はてブのホットエントリは集合知とは無関係 - sta la staに於いて、はてなブックマークの「集合知」性に疑問が突きつけられている。
具体的には、ユーザーがホットエントリ/注目エントリリストからブックマーク対象をチョイスする傾向が強いために、フィルタが歪められているのではないか、といったことだと理解した。
ホットエントリ(人気エントリー)に掲載された記事は否応無く注目度が高まる。ホットエントリーはブックマークのトップページ最上段に位置し、簡単に入れ替わりはしないから長時間露出することになる。そして、それを目にしたユーザーによってブックマーク数が一層押し上げられる。
この現象は注目エントリでも発生するが、こちらは閾値が3〜5ブックマークと低いために刻々と書き変わり、一つのエントリが長時間上段を占めることは無い。とはいえ、注目ブックマークに載ることで加速し人気ブックマークに載る例も珍しくはないだろう。
提起されている問題点は二つに分けることができる。
一つは、はてなブックマーク自体が情報源となっている実態。
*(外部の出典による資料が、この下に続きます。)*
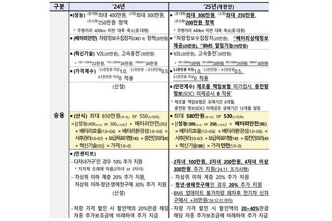 세부적으로 주행거리가 440km 미만인 차량은 보조금 감소폭이 늘었다. 충전 속도 인센티브 지급 구간도 상향됐다. 배터리 안전성 제고를 위해 기존 차량정보수집장치(OBDⅡ) 외에도 배터리 충전정보, 주차중 이상감지 및 알림을 제공하는 차량에 안전 보조금 총 50만원이 지원된다.

閉鎖空間内のみで相互に作用を続ければ、徐々にミームは劣化し澱みだけが残る危険を伴うと考えられる。
これが「まとめサイトを参照してまとめを書く」的な二次=三次参照の形を採るならば問題だろう。しかし実際には、はてなブックマーク自体はURLの羅列に過ぎず、情報は外部のソースを参照することになるので、確実に外部情報が取り込まれ劣化は抑えられる。
もう一つは、注目を促す構造による加速度的なブックマーク数の増加がもたらす、フィルタ性能の劣化である。これはブックマークの役割をどう捉えるかに拠って来る。
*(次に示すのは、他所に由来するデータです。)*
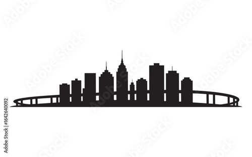 Naklejka premium Striking Silhouette of a Modern Metropolis An Urban Landscape Defined by Towering Skyscrapers and an Elevated Bridge Connecting City Sections
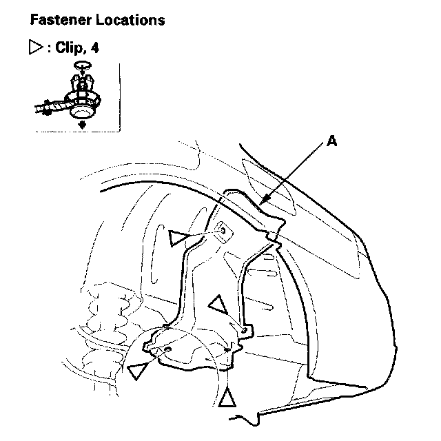 1. Remove the clips, then remove the fuel pipe protector (A). Take care not to scratch the body.

?Bのブックマーク数というのは、瞬間的なGoogleページランクのようなものだ。ページランクがリンクの収集により比較的長期的な人気ページをリストアップするのに対し、ブックマークは長くても1日程度のごく短期的な人気をリストアップするという違いこそあるものの、基本的な役割はあまり変わりない。
Googleのページランクでは被リンク数と加リンク数(「被」の対義を思いつかなかったので、被害/加害の例に倣い「加」としておく)を用いた再帰的な計算が為されているが、?Bでは同じことをユーザー同士の再帰的相互影響性によって(結果的に)実現しているのではないか。
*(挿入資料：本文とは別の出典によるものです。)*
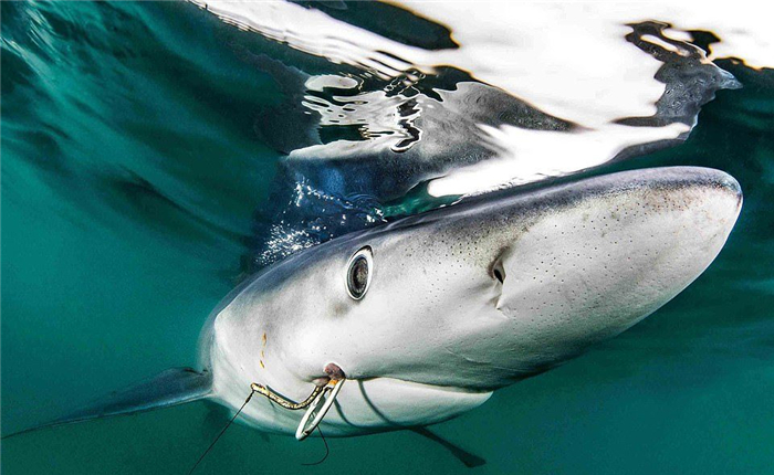 14. 可以看到钓鱼绳与钩子插在鲨鱼身上,每年世界上大约有1亿只鲨鱼被端上桌。

……というのはまあある意味ネタに過ぎないのだが、情報の出所がどこであれいちユーザーの視点というのは常に偏っているし、故にそれを集合させて(母集団の中では)偏りを無くした情報に無意味と思えるエントリが多いのは当然であろう。優位なエントリの割合が極端に多いのだとしたら、その情報源はあなたの好みに合わせて偏っているのだ(それを積極的に実現するのが「お気に入り」機能なわけだが)。